Concepts of Sport
This research programme is currently in development and contributing scholars will be commissioned from autumn 2021 onwards.
The question of how minds and bodies interact is one that has long since exercised philosophers. Developments in contemporary neuroscience cast further light on the operation of the mind, or brain, and its effect on muscular movements. Competitive sport provides spectators, observers and more than a few gamblers with an arena in which the result of the mind-body relationship can be watched and experienced, applauded or excoriated. The exact nature of this relationship, however, varies from one sport to another and this, hitherto unexplored, area of research provides the focus of the programme.
Some sports, boxing for instance as well as tennis and 'track and field' athletics, make individualistic demands on the mind: body fulcrum. Cricket combines communal or team discipline with the bravura of individual prowess with bat and ball. Association football, hockey and lacrosse allow skills in certain areas of play to meld with the ' team effort'. Rowing requires a more or less complete subordination of the individual to the group's concentrated mentality. The conventions that govern the behaviour of spectators and the rules to be followed by players themselves, codified for many sports in the late nineteenth century, build on conventions with ancient roots. Blooded gladiators and jousting knights may be discerned as shadowy presences behind the contemporary boxer in the ring.

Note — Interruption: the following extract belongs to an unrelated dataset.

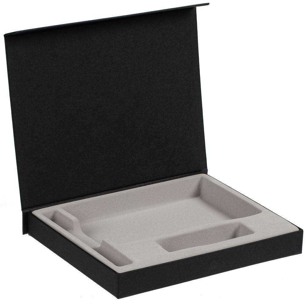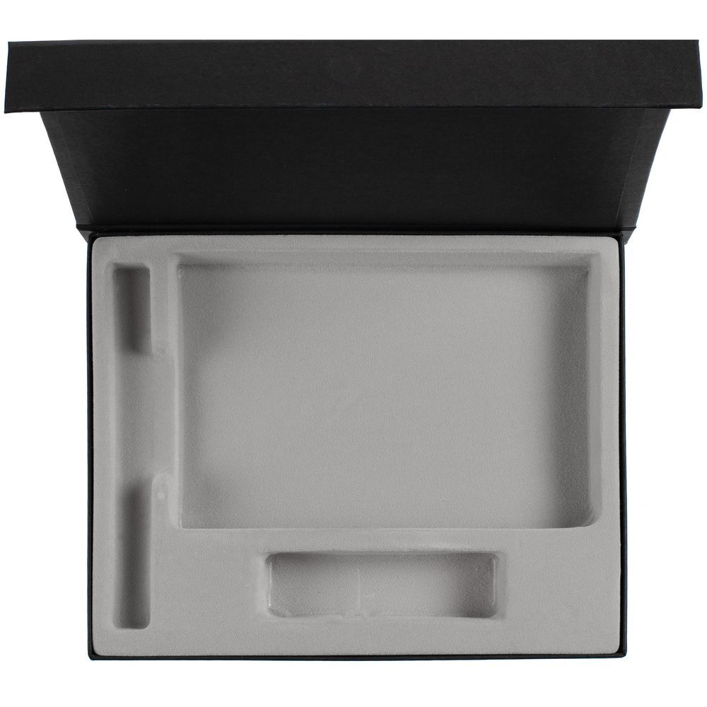 Коробка из переплетного картона, кашированного гладкой дизайнерской бумагой Magic, с крышкой на магните и флокированным ложементом.Подходит для блокнота 10,7х16,5х2 см, аккумулятора 9,5х2,6х2 см и ручки 14,2х1,6 см.

Our research programme extends to the contest between bodies and adversarial beasts, as in bull fighting's sacral rituals, the blending synergy between the jockey's mind and the empathetic horse, inanimate nature's rock formations and tidal waves- as they bear down on the climber and sailor, and the Formula 1 contest between human assertion and roaring machine.
Social and cultural considerations make their own contribution to this area of research. How and why, for example, did horse-racing become so favoured a sport among the English from the late seventeenth century onwards. Japanese classical culture has given us two great art forms in the history of the theatre: Noh and Kabuki. Might sumo wrestling be the sporting counterpart to these ritualised explorations of the human psyche? And what makes American football so very American a sport ?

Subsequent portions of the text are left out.